• **The data**
▶

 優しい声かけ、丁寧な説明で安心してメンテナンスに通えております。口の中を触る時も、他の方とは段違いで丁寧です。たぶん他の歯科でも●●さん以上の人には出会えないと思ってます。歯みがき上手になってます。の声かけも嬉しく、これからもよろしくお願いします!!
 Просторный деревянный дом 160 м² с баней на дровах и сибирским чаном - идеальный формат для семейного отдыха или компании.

◀
▶

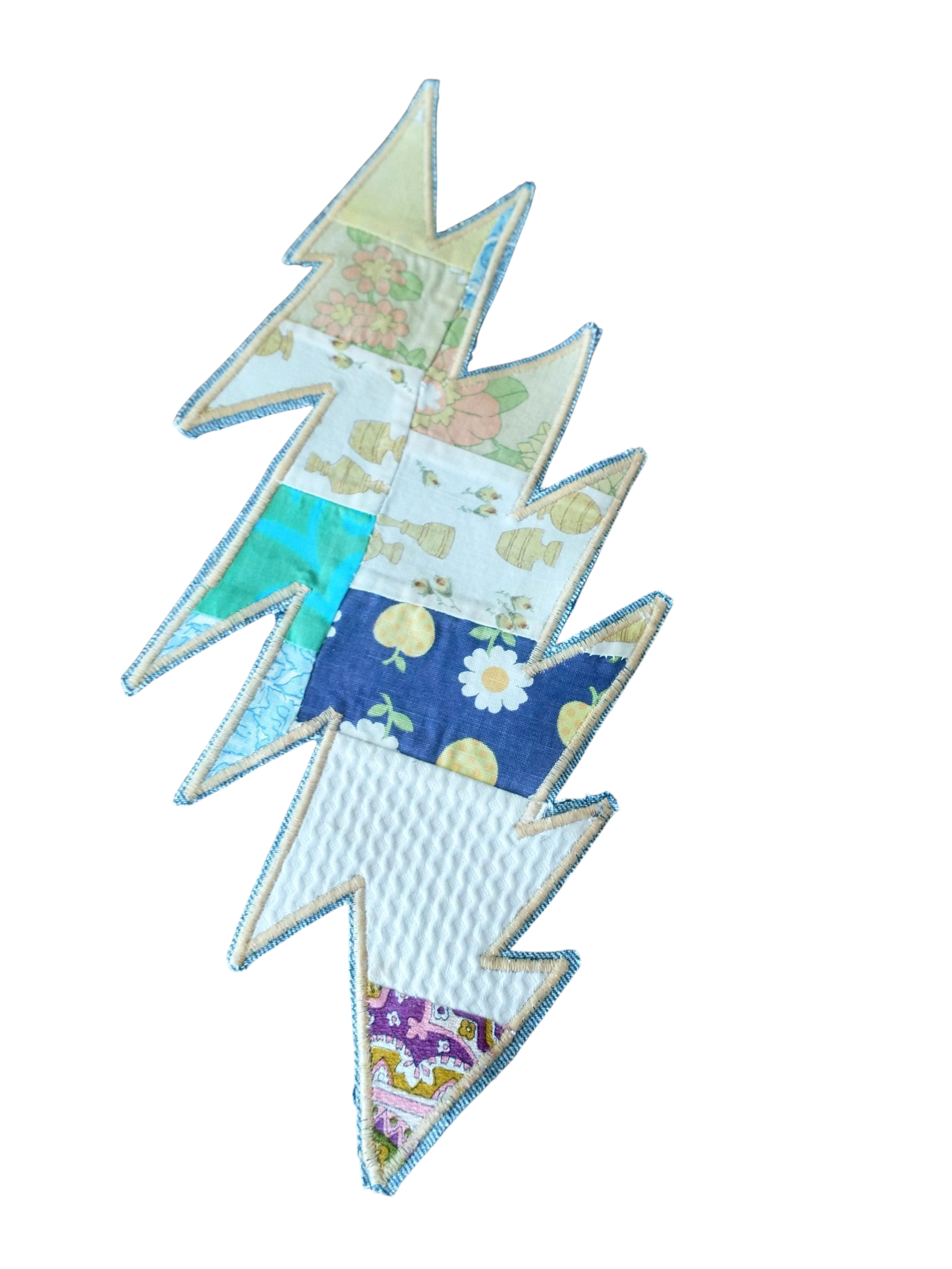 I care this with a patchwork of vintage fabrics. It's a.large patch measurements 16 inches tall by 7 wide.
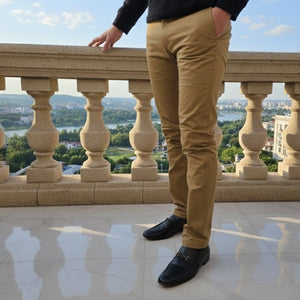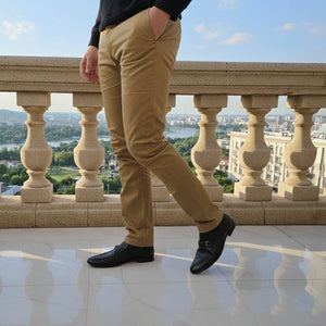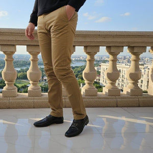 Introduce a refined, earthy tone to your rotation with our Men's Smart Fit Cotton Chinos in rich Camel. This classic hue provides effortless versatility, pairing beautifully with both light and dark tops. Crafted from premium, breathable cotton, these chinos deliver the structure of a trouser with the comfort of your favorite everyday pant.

◀
▶

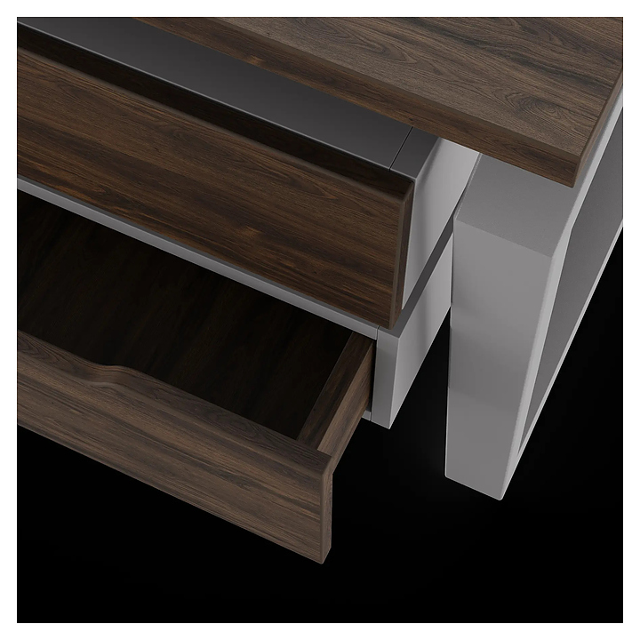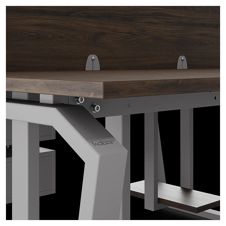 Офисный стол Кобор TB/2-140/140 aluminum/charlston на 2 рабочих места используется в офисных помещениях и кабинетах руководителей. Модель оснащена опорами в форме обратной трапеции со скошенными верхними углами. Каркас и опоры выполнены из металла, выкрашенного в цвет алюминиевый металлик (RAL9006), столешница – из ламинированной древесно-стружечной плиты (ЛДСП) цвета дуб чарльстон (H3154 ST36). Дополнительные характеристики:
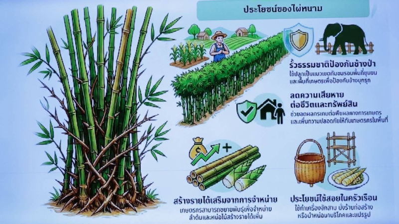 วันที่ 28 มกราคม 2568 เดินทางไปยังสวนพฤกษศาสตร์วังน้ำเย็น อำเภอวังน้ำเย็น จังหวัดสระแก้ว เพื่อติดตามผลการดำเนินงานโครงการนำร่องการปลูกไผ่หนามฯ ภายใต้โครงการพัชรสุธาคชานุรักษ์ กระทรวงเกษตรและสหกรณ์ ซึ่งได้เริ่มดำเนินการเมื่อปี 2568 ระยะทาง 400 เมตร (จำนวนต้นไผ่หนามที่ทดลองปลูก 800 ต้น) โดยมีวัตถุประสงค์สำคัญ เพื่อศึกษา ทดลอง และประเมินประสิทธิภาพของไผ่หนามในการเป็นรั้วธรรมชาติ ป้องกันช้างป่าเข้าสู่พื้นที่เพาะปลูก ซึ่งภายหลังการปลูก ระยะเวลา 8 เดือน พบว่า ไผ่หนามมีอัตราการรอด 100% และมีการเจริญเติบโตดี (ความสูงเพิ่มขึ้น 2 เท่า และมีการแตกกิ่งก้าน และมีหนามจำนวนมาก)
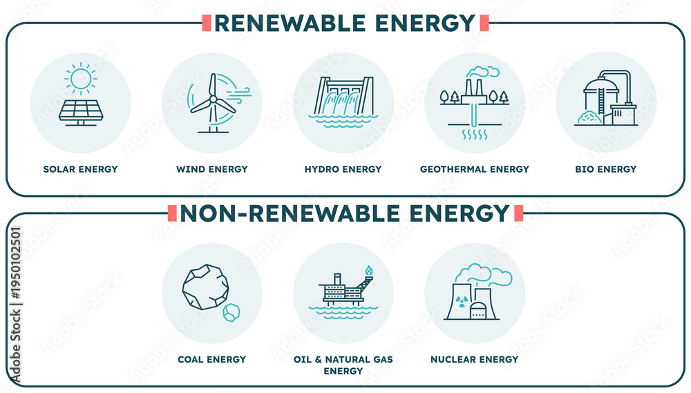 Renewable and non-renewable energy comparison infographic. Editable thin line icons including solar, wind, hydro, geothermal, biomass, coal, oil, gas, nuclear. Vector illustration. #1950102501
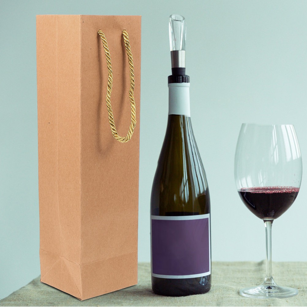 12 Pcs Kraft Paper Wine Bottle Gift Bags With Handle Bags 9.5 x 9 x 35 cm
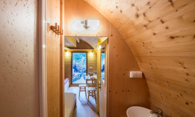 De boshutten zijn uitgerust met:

◀

• **Exercise aim**
Reproduce the lines above starting at the one with "I care this" and ending at the one with "Introduce a refined, earthy", both included, exactly and with no pictures.

• **Response to this task**
 I care this with a patchwork of vintage fabrics. It's a.large patch measurements 16 inches tall by 7 wide.
 Introduce a refined, earthy tone to your rotation with our Men's Smart Fit Cotton Chinos in rich Camel. This classic hue provides effortless versatility, pairing beautifully with both light and dark tops. Crafted from premium, breathable cotton, these chinos deliver the structure of a trouser with the comfort of your favorite everyday pant.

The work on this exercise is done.